Repo! is in a big part the coming-of-age story of girl named Shilo since at the end she is liberated from the hands of her dominant and over-protective father and is free to go out to the world and do whatever she wants. It's also pretty much a fairytale; Blind Mag is a fairy-like godmother to Shilo. On of the things I really like about it is that there is neither a Charming Prince nor a Knight In Shining Armor. It's just her. Shilo has to find out by herself the truth behind her father and the control the company's owner has over him, which are all linked to her mother's dead.

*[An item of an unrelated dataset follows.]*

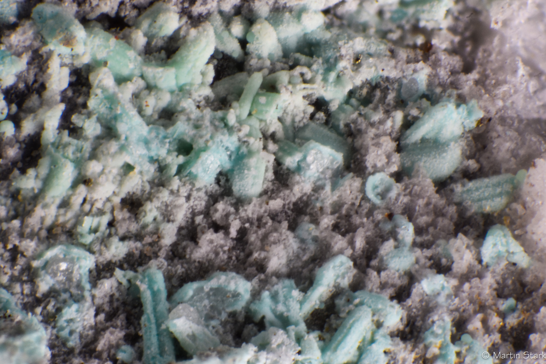 Der Mimetesit enthält geringe Anteile an Cu und Zn. Überwiegend erscheinen mir die Kristalle weiß bis grünlich und die gelegentlich blaue Farbe könnte meiner Vermutung nach auch ein Überzug mit ( oder eine Einlagerung von) Aurichalcit (?) Kristallen in die Mimetesit-Aggregate sein. Mit Salzsäure ging die Blaufärbung (aber die Grünfärbung eher nicht) weg... Andererseits habe ich keine deutlich ander Phase im Mikroskop auf den Mimetesiten gesehen.

Meanwhile, Repo Men is about this guy who only begins to feel empathy towards others when he's actually affected by the very work he used to do.

So, yeah.

Something interesting is the importance of songs in both movies. And I mean songs with lyrics and stuff. In Repo!, well, it's a musical, and in Repo Men there are a lot of songs playing in the background, and the lyrics are somewhat relevant to what is going on or what is going to happen.
Also, one of the clients who are going to be repossessed, the calmest one of them all, who even has some lines before the procedure starts, is a music producter, and Beth is a singer.

While I'm at it, what's with the action movies that just plain don't want to keep families together? As soon as I saw that the protagonist of Repo Men had a wife and a kid, I told myself: "the guy is going to end up with another woman at the end, right?" And yes, I was right. In a way, since the guy ended up hooked up to the Matrix. The important thing here is that his Happy World excluded the wife and child, and part of that dream sequence had the boy knocking out his mom with a taser to shut her up.

So yes, I did side with the wife about her decision of throwing the guy away. At least she and her son survived the movie?

TL;DR: If Repo Men wanted to be an ultra-violent satiric take on modern society, I still think RoboCop did it better.
Also, the scene with the guy fighting his way through a corridor full of enemies? Better done in Oldboy where all Dae-Su had was one hammer and no assistant.